:: SUPPLIED DATA ::

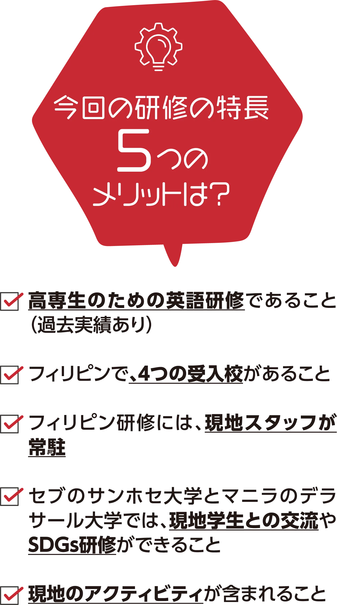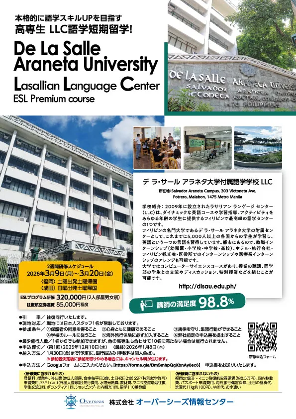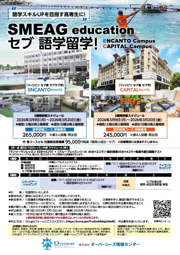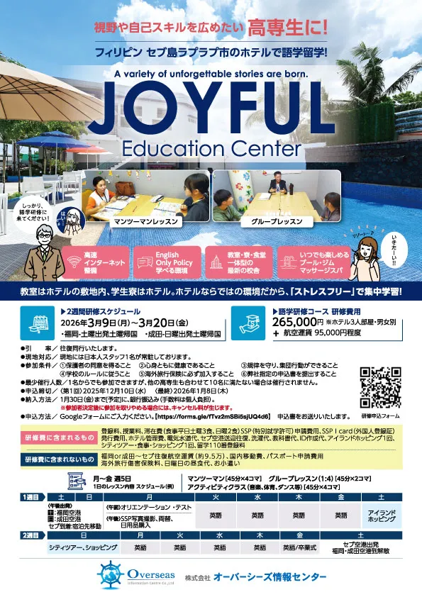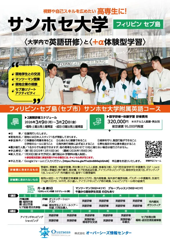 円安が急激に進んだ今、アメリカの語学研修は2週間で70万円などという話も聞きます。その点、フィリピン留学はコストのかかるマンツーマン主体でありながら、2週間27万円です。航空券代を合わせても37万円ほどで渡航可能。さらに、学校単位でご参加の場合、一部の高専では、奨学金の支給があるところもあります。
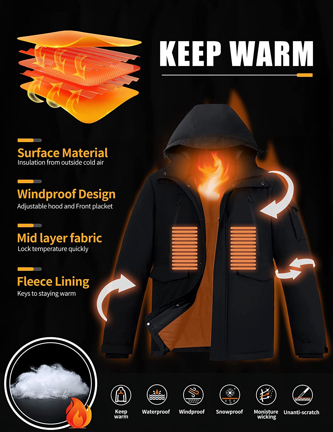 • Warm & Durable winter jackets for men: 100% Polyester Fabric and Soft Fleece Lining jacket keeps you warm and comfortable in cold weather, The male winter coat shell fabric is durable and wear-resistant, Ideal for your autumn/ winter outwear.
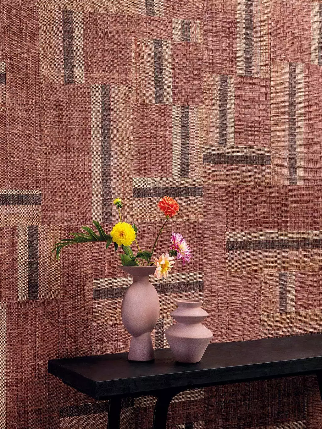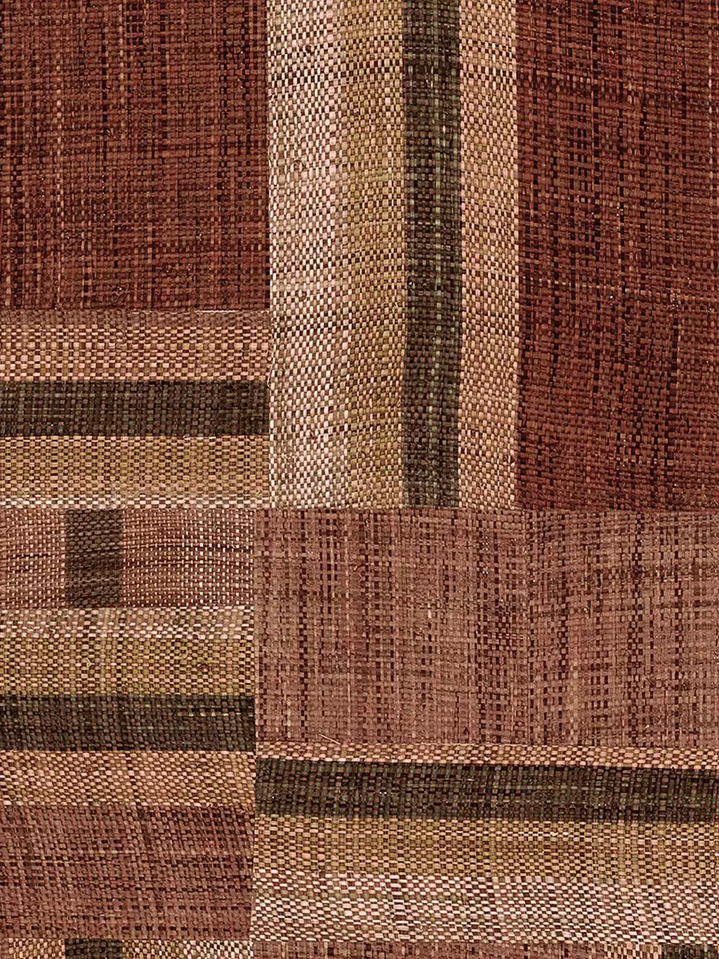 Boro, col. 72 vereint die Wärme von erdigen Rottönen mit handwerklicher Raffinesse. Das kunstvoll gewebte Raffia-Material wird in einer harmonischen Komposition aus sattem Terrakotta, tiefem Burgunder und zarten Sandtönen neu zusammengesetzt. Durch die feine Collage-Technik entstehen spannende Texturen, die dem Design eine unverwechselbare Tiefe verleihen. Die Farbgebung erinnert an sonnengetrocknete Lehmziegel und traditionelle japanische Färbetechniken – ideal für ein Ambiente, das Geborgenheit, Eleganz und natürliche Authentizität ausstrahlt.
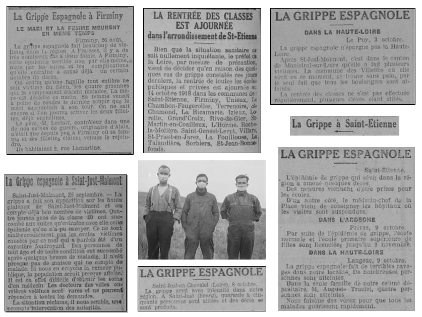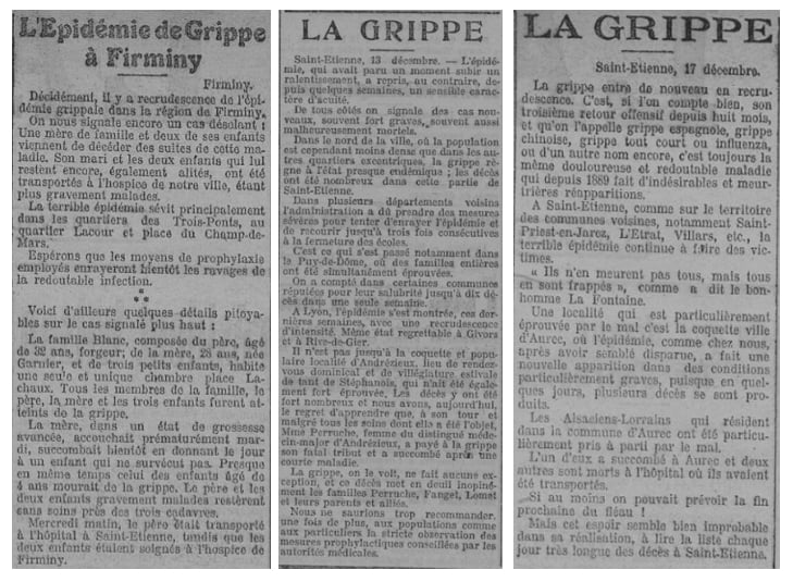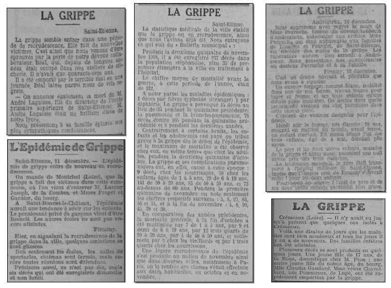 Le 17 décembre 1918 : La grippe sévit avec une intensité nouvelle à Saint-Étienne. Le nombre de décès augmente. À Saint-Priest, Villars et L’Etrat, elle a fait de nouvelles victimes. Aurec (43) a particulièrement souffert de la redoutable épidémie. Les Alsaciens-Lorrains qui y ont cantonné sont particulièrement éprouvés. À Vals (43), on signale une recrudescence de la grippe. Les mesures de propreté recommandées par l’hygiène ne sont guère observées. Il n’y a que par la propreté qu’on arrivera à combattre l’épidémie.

...

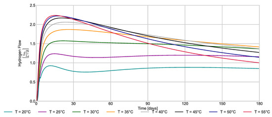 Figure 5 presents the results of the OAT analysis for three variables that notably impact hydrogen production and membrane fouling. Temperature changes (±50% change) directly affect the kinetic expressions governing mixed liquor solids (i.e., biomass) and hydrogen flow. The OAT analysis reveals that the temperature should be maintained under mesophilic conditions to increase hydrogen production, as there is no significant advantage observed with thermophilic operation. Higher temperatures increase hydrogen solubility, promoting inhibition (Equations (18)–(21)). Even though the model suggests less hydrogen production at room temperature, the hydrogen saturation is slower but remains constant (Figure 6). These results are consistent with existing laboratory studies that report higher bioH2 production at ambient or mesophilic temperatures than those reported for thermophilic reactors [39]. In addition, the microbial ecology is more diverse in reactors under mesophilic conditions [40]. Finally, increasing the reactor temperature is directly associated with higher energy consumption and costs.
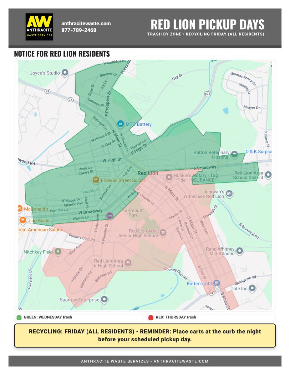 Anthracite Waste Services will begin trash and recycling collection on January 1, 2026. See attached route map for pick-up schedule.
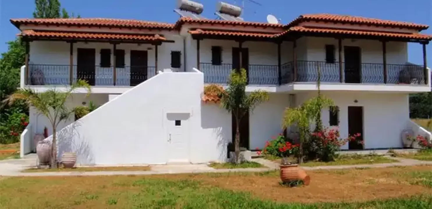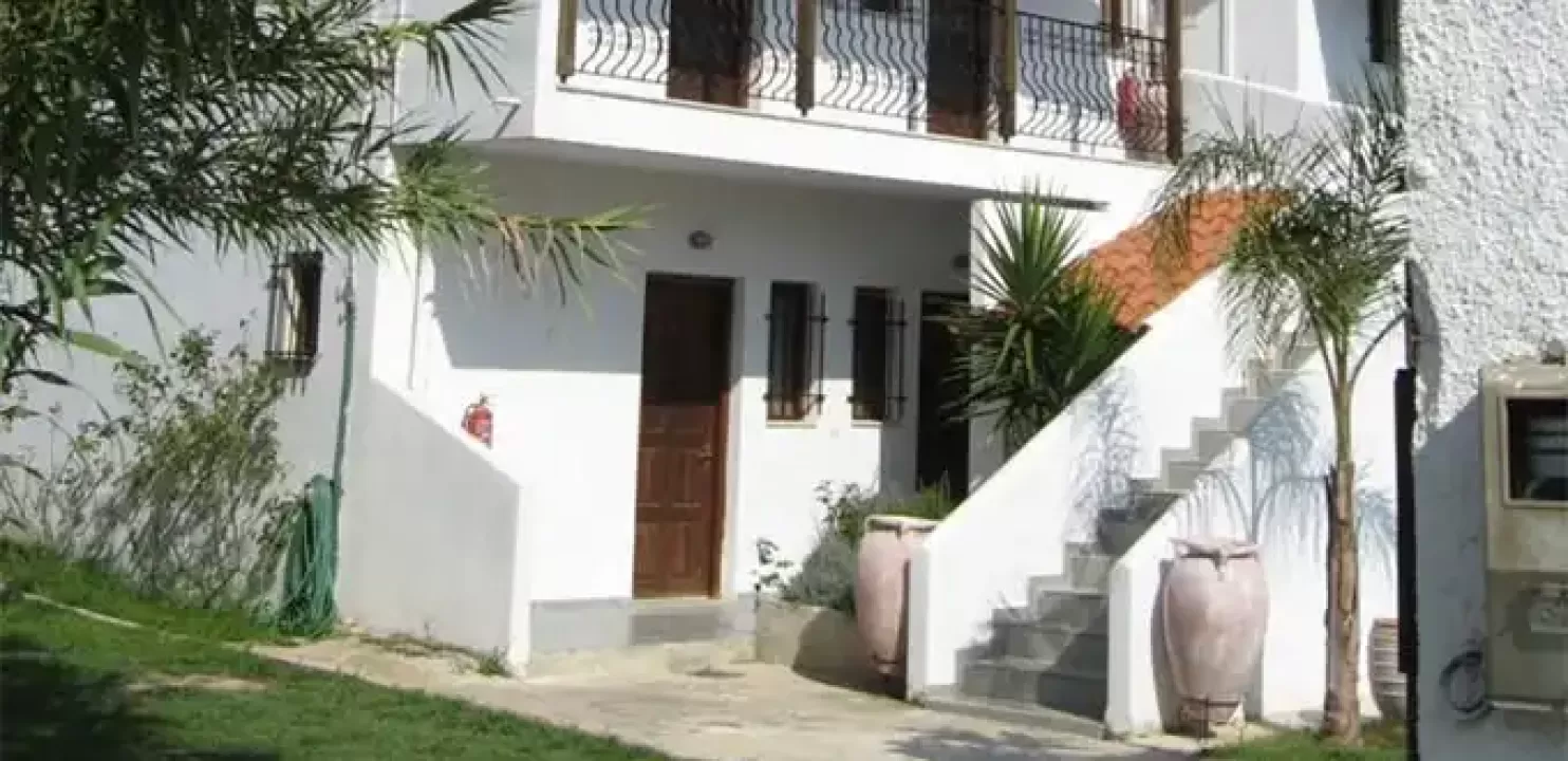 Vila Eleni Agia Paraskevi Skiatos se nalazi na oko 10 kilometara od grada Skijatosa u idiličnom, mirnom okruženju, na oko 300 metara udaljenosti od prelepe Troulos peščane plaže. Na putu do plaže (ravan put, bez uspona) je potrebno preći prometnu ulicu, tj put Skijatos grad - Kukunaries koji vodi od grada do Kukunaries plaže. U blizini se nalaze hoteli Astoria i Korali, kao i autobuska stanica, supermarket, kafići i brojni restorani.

* * *

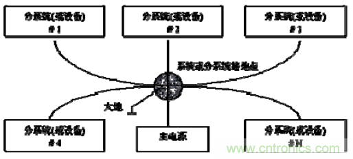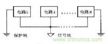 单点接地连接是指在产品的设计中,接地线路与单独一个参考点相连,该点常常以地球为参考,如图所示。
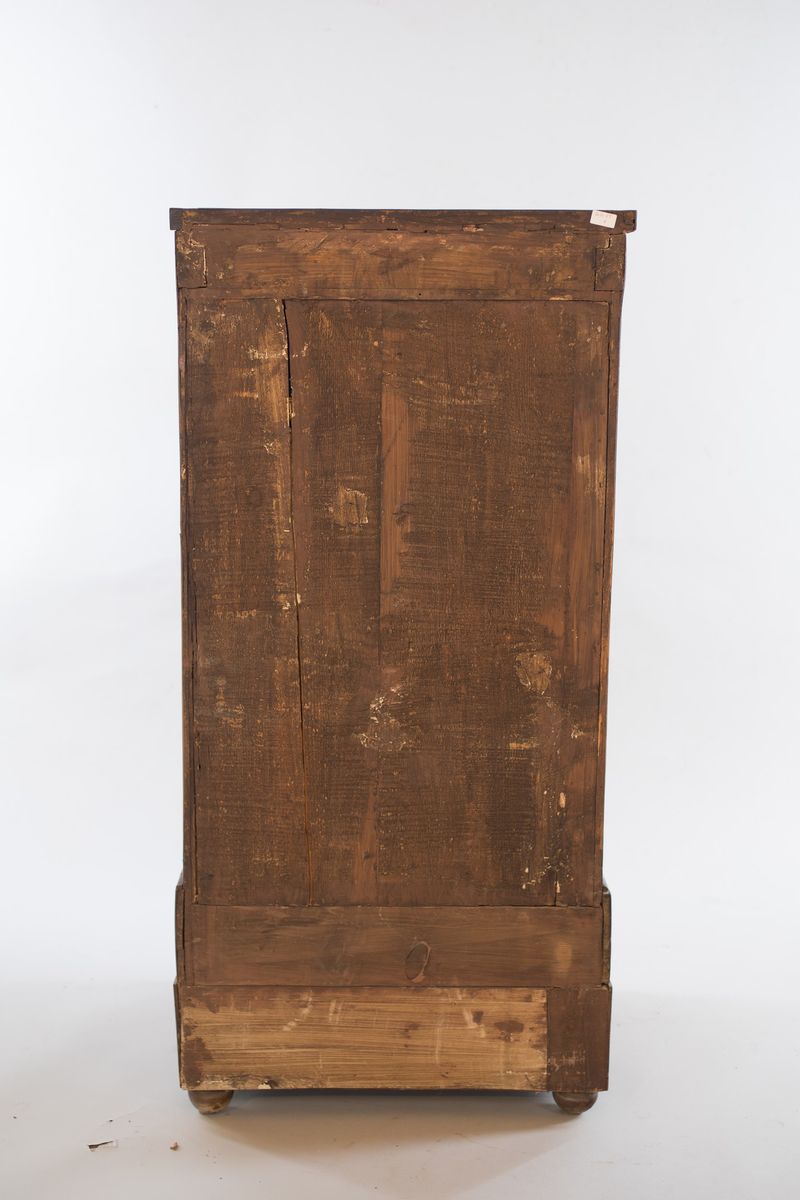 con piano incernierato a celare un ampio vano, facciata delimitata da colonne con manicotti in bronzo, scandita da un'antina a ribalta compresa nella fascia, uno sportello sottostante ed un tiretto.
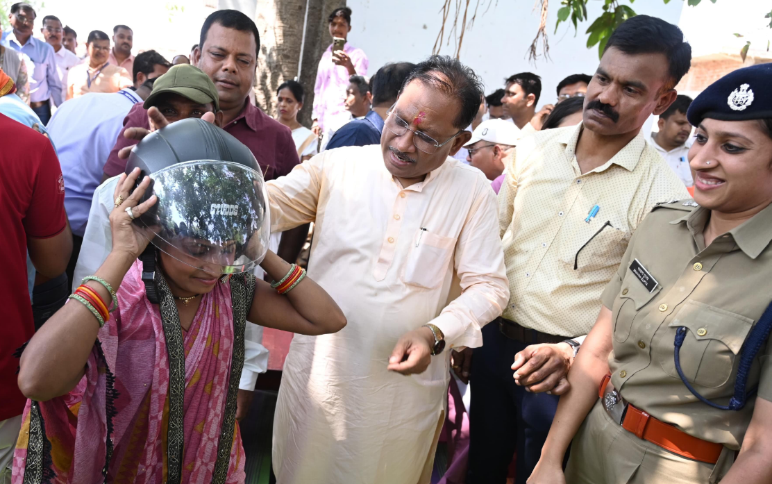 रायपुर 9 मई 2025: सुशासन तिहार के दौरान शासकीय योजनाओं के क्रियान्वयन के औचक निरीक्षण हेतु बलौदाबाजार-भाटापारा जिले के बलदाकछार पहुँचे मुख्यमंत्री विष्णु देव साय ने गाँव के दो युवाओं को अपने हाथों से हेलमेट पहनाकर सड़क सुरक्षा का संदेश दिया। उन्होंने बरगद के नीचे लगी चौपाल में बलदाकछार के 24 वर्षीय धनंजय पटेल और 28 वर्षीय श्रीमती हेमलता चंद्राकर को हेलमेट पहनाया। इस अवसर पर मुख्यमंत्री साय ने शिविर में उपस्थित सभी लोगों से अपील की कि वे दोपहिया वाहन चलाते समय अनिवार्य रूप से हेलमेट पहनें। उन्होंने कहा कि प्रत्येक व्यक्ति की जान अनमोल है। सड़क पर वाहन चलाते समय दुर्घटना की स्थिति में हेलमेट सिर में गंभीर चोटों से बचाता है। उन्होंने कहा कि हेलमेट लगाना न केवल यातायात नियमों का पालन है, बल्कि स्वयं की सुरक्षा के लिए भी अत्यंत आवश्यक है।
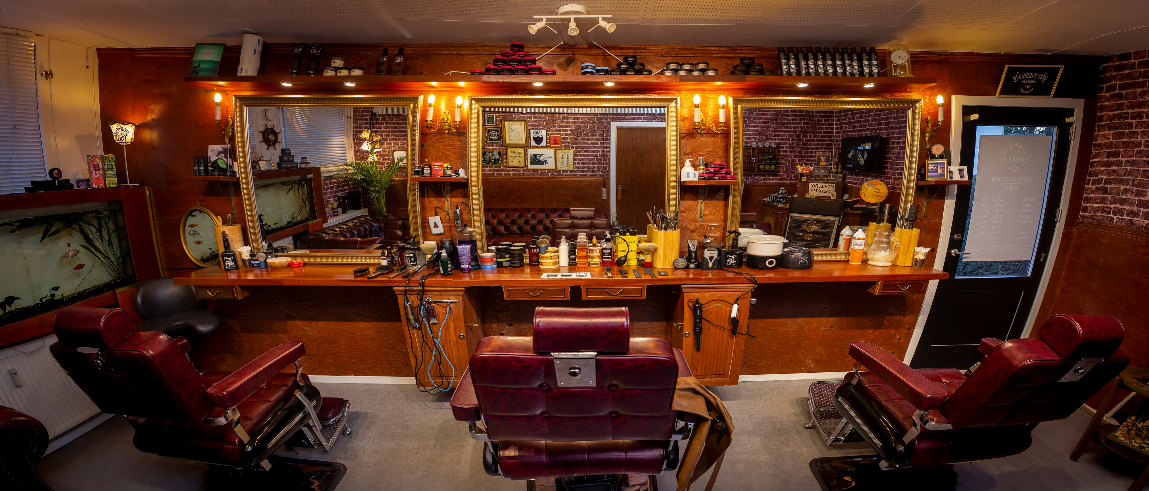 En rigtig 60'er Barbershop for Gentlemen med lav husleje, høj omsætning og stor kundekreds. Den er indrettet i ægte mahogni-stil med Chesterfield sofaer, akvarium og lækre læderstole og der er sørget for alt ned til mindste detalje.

:: EXERCISE DETAILS ::
Copy the listing above exactly, but only from the line with "con piano incernierato" through the line with "En rigtig 60'er", including those two lines and excluding any picture.

:: RESULT FOR THIS TASK ::
 con piano incernierato a celare un ampio vano, facciata delimitata da colonne con manicotti in bronzo, scandita da un'antina a ribalta compresa nella fascia, uno sportello sottostante ed un tiretto.
 रायपुर 9 मई 2025: सुशासन तिहार के दौरान शासकीय योजनाओं के क्रियान्वयन के औचक निरीक्षण हेतु बलौदाबाजार-भाटापारा जिले के बलदाकछार पहुँचे मुख्यमंत्री विष्णु देव साय ने गाँव के दो युवाओं को अपने हाथों से हेलमेट पहनाकर सड़क सुरक्षा का संदेश दिया। उन्होंने बरगद के नीचे लगी चौपाल में बलदाकछार के 24 वर्षीय धनंजय पटेल और 28 वर्षीय श्रीमती हेमलता चंद्राकर को हेलमेट पहनाया। इस अवसर पर मुख्यमंत्री साय ने शिविर में उपस्थित सभी लोगों से अपील की कि वे दोपहिया वाहन चलाते समय अनिवार्य रूप से हेलमेट पहनें। उन्होंने कहा कि प्रत्येक व्यक्ति की जान अनमोल है। सड़क पर वाहन चलाते समय दुर्घटना की स्थिति में हेलमेट सिर में गंभीर चोटों से बचाता है। उन्होंने कहा कि हेलमेट लगाना न केवल यातायात नियमों का पालन है, बल्कि स्वयं की सुरक्षा के लिए भी अत्यंत आवश्यक है।
 En rigtig 60'er Barbershop for Gentlemen med lav husleje, høj omsætning og stor kundekreds. Den er indrettet i ægte mahogni-stil med Chesterfield sofaer, akvarium og lækre læderstole og der er sørget for alt ned til mindste detalje.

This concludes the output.